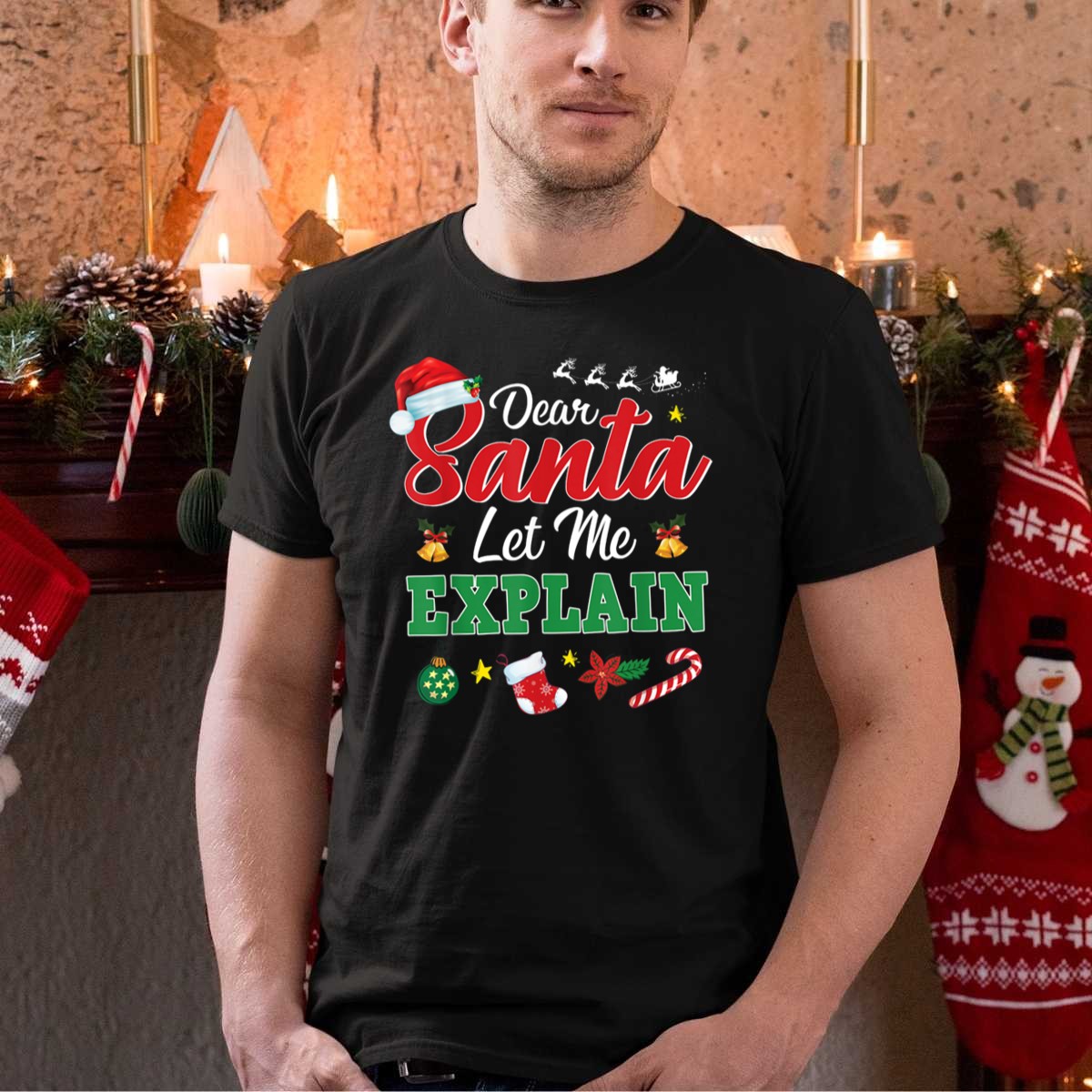 Be the first to review “Dear Santa Let Me Explain Christmas Icons Santa Hat Sleigh Reindeer Candy Cane Stocking Ornaments T Shirt”
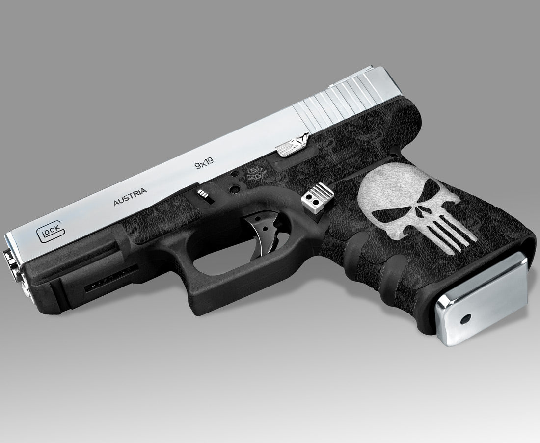 The Punisher Decal Grip Kit for Glock 32 – Features a textured, rubber-like grip surface to give you a better grip and more control of your firearm. Easy, do-it-yourself installation. Cover just the frame or add grip and design to the slide of your Gen 3 G32 also.
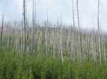 The fire destroyed thousands of acres of lodgepole pines. But the trees are well-adapted to fire, so their cones open and release seeds when heated to 113 degrees. Twenty years later those seedlings are eight feet tall, with their dead ancestors still standing above them. Stands of larch trees were more likely to survive because they have thicker bark and replace their leaves every year, Today they run in dark streaks along the slope below the overlook. The dead snags have become prime habitat for birds like the mountain bluebird and Lewis’ woodpecker. The fire had an impact on public policy, too. Since it ended, the Forest Service has stopped fighting all fires in favor of holding “controlled burns” that simulate the natural fire cycle, or just letting some fires go.
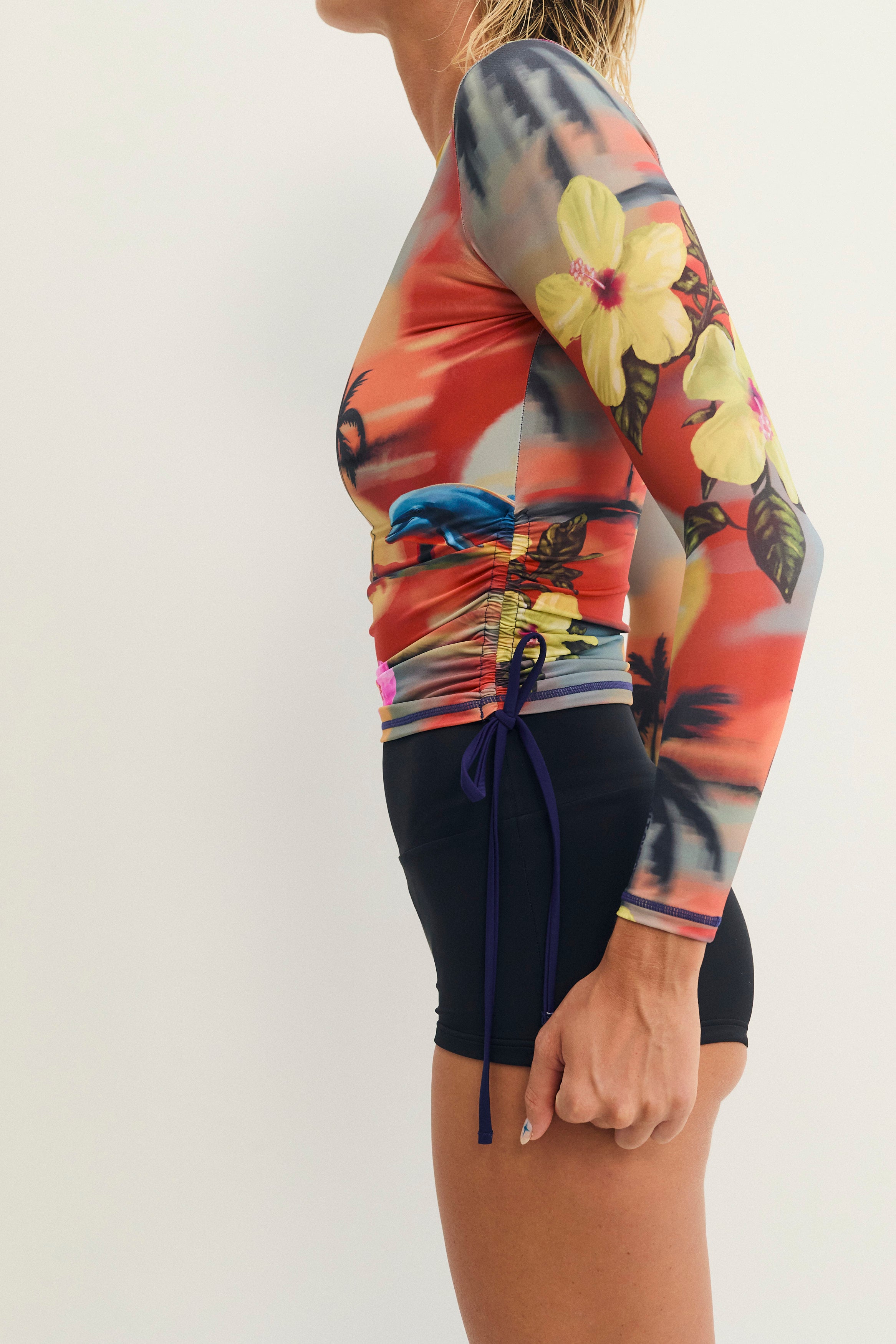 Our design challenge has never deviated since the first surf leggings we designed way back in 2012: how to create stylish and fashion-forward sun protection that actually functions well in punchy surf and supports our own expression of personal style in the lineup. We're expanding our rashguard offering with this new style: ruching at the sides for you to style up or down, with your preferred surf bottom of choice, and a well-covered neckline. Boom.
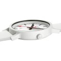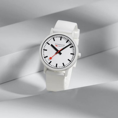 Este relógio Mondaine tem uma caixa de Resina com um diâmetro de 41 mm e está equipado com uma bracelete de Tecido. A caixa possui um movimento Ronda e o relógio tem um vidro Mineral resist.
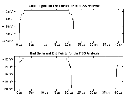 In order to further improve the efficiency of the PSS analysis, the phasing of the clock signals relative to the simulation interval is carefully chosen. It is best to have the simulation interval begin and end at points where the signals are not changing abruptly. For example, the phasing shown in the top half of Figure 3-8 results in convergence in fewer iterations and less time than the phasing shown in the bottom half of the figure. In the top half of the figure, the signal is settled and unchanging immediately prior to the end of the analysis. Contrast this with the situation shown in the lower half of the figure, in which the waveform is changing abruptly at the end point.

-=-=-=-=-

• What the task requires
Pictures excluded, print only the lines from the one with "Este relógio Mondaine" through the end of the entries above, exactly as written.

• Answer
 Este relógio Mondaine tem uma caixa de Resina com um diâmetro de 41 mm e está equipado com uma bracelete de Tecido. A caixa possui um movimento Ronda e o relógio tem um vidro Mineral resist.
 In order to further improve the efficiency of the PSS analysis, the phasing of the clock signals relative to the simulation interval is carefully chosen. It is best to have the simulation interval begin and end at points where the signals are not changing abruptly. For example, the phasing shown in the top half of Figure 3-8 results in convergence in fewer iterations and less time than the phasing shown in the bottom half of the figure. In the top half of the figure, the signal is settled and unchanging immediately prior to the end of the analysis. Contrast this with the situation shown in the lower half of the figure, in which the waveform is changing abruptly at the end point.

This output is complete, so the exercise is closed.